They often treat securitySchemes as a complete control, when it is really just metadata that describes required access. The server still has to validate the token, enforce the declared scope, and fail closed if the caller is missing permission. Without backend checks, tool declarations become documentation instead of enforcement.
Why This Matters for Security Teams
In MCP, securitySchemes are often read as if they were an enforcement layer, but they are only a declaration of what access the tool expects. That distinction matters because tool metadata can be correct while the server still accepts an unvalidated token, ignores scope, or returns data when permission should have failed. OWASP’s OWASP Agentic AI Top 10 frames this as a broader agentic trust problem: the control plane looks explicit, but the runtime still has to prove identity and authorisation.
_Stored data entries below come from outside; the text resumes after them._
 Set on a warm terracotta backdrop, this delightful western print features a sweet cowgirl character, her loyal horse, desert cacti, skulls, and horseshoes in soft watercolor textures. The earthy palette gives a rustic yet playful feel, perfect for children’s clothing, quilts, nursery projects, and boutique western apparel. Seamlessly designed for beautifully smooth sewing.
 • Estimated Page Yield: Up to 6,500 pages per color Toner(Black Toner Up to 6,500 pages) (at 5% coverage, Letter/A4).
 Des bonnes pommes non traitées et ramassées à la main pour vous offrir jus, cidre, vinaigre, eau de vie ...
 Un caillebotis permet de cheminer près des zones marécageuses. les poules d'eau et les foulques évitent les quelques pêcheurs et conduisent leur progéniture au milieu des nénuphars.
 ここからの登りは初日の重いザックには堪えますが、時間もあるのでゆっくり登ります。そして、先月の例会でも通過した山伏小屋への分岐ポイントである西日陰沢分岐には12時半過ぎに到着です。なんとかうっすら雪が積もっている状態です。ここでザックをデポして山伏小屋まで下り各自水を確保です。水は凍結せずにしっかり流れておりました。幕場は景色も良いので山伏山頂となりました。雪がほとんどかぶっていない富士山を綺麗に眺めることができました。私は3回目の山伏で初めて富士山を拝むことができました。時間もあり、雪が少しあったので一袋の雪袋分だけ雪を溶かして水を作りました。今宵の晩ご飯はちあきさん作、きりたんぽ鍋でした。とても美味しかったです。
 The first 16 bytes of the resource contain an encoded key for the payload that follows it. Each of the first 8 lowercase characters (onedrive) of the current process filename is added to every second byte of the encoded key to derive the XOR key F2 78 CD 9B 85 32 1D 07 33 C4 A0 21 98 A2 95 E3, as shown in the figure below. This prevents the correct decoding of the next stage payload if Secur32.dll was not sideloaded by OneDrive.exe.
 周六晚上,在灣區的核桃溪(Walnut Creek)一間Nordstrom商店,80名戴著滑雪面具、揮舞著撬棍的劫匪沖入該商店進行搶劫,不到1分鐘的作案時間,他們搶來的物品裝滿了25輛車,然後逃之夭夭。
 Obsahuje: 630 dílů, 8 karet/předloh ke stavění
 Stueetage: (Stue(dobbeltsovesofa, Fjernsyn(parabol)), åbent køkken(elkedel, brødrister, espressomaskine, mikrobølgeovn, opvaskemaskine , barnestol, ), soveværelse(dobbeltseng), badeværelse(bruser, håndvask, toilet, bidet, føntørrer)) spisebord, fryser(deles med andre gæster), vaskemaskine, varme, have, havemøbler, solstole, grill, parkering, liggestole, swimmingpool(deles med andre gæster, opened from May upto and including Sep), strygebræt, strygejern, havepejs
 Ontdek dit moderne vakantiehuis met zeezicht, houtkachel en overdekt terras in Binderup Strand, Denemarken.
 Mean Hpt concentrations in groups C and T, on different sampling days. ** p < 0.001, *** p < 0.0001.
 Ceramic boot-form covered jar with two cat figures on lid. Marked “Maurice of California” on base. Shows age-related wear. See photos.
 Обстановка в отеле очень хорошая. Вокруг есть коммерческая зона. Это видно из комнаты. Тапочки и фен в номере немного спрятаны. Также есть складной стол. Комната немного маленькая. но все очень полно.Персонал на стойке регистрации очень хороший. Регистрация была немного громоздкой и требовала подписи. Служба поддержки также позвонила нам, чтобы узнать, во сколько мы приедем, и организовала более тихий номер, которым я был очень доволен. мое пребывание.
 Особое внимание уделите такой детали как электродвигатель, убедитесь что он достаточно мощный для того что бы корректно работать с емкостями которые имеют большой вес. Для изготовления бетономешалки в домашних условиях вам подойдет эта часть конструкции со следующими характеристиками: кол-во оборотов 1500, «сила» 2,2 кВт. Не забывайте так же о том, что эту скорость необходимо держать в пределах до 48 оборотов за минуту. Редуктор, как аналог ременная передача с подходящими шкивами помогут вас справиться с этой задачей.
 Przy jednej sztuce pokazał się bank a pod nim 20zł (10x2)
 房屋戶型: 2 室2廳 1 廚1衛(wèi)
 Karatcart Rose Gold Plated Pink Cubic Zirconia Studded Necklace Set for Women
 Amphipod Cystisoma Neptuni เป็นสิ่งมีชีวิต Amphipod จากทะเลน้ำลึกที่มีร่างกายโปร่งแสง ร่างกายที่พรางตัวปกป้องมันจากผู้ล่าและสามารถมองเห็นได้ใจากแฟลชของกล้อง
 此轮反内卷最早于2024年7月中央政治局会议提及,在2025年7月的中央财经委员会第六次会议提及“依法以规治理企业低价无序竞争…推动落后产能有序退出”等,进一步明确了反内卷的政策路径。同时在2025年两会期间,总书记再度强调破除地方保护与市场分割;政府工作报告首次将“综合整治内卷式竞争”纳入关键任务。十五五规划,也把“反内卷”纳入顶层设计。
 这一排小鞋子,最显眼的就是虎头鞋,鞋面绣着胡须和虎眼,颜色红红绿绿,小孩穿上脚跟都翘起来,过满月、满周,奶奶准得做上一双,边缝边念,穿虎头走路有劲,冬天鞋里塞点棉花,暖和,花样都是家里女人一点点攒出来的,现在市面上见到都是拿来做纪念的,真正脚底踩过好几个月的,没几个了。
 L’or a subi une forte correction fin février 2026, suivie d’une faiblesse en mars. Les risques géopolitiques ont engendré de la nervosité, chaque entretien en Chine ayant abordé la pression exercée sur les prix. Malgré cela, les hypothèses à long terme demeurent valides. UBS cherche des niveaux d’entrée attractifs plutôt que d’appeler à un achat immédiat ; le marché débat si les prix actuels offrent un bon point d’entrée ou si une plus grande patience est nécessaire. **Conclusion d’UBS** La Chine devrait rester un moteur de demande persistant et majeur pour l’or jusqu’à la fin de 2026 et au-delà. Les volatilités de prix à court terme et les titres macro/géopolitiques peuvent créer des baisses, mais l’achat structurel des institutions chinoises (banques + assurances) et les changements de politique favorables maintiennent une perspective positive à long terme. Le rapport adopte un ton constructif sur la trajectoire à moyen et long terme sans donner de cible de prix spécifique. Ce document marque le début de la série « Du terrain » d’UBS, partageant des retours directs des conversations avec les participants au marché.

This is especially important for teams integrating MCP into workflows where AI agents can chain tools, retry actions, and operate with delegated tokens. The declaration helps clients understand what to request, but it does not stop a compromised or over-scoped caller from invoking the tool if the backend is permissive. NHI governance research from The State of Non-Human Identity Security shows how often organisations underestimate where real enforcement must happen, especially when identities are machine-issued and hard to observe. In practice, many security teams discover broken tool authorisation only after an agent has already used the tool successfully, rather than through intentional design review.
How It Works in Practice
The right model is to treat securitySchemes as contract metadata, not as proof of security. In an MCP deployment, the client uses the declared scheme to know how to authenticate, but the server must still validate the presented credential, bind it to the right workload or user, and enforce the exact scope needed for the requested operation. That runtime decision should happen on every request, not just at connection time. Current guidance from the MCP and agentic security community aligns with this, but there is no universal standard for every deployment pattern yet.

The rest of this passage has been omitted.